[Editor's note: This column originally ran on the blog for 42, where Timothy Scahill works as social director and account planner. It previews a benefit show for Scahill's fiancée, Lynden, that starts at 7 p.m. on Friday at The Waiting Room Lounge and features UUVVWWZ, Dim Light, Solid Goldberg, Dads and a silent auction. RSVP here.]
by Timothy Scahill
Last summer, during a trip to Austin, my fiancée felt a tiny bump on her back that hurt when she slept. She assumed it was just some mosquito bite she got while swimming or biking.
It all started with a headache and motion sickness. After she returned to Lincoln, she got horrible flu-like symptoms and was bedridden for a few days, unable to even stand. After that there were sinus infections, extreme fatigue, an overall feeling of misery/malaise, and fainting spells.
We ended up in the ER with a $10,000 bill to find out that “nothing was wrong.” Then, she followed up three times with a local Lincoln doctor who diagnosed her with high Epstein Barr levels and told her she had mono.
This added even more to our bills, and we still had no real clue what was about to come.
She was finally diagnosed with Lyme in November of 2011. Since then, we’ve discovered there is a cloud of controversy surrounding Lyme. The co-infections that accompany the disease aren’t often talked about, insurance companies and most doctors don’t recognize chronic Lyme as a disease, and the proper treatment for the disease has resulted in many doctors around the country getting disbarred.
The day-to-day battle began to quickly take its toll on both of us. My fiancée is a very private person, so at first we decided to keep the news of her diagnosis to ourselves and a select group of friends and family.

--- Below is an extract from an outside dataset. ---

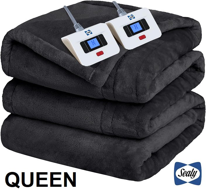 Sealy machine washable Electric flannel heated Blanket with 10 Heating Level and 1 to 12 hours auto shut off - queen - 84 x 90" - dark grey (MODEL: sl-fla-qcha)

However, as we started reading more and more articles — an alarmingly high number of which touched on the widespread ignorance regarding Lyme – we decided to spread the word. I posted articles we found to Facebook, many of which resulted in some really strange reactions. It was clear to us at this time that we needed to tell people our story.
We gained a lot of momentum by educating our friends about Lyme through Facebook. I posted videos and articles about the disease, the controversy and how this coming summer will be very tick-heavy (ticks have been known to spread the disease). By the time I set-up a crowd-source account on GoFundMe, everyone in my social networks was educated about Lyme.
GoFundMe allowed us to tell the story of battling Lyme disease and the co-infection Babesia. The website made it easy to share our story, handle the money, update everyone on how close to our goal we were and let people who donated post to Facebook, which caused a gigantic network of friends to read and donate.
We had an overwhelming response in the first 12 hours. We reached our goal of $4,500 for medial bills and treatment for Lyme disease. 2,617 views, 470+ Likes, and 120 donations later, we now have a fighting chance of digging out of our financial hole.
From the bottom of our hearts, we would like to thank everyone for their support. There is nothing I can possibly say that could express the gratitude and love we feel at this moment. If it weren’t for online forums, my fiancée asking her doctor to test for Lyme, and the help and generosity of our friends and family we could’ve easily been ruined financially right as she was supposed to be starting her career in occupational therapy.
We shared our story and, with the assistance of Facebook and GoFundMe, asked for help. Our social networks — both online and off — supported us in a big way. For every dollar we raise over $5,000 we’re going to put 10% toward promotional materials educating the public about Lyme disease and prevention methods, including this infographic and a benefit concert we’re holding at the Waiting Room Lounge in Omaha, Neb., on Friday, July 13 starting at 7 p.m.
Timothy Scahill is a Hear Nebraska contributor. We at HN wish him and Lynden the very best.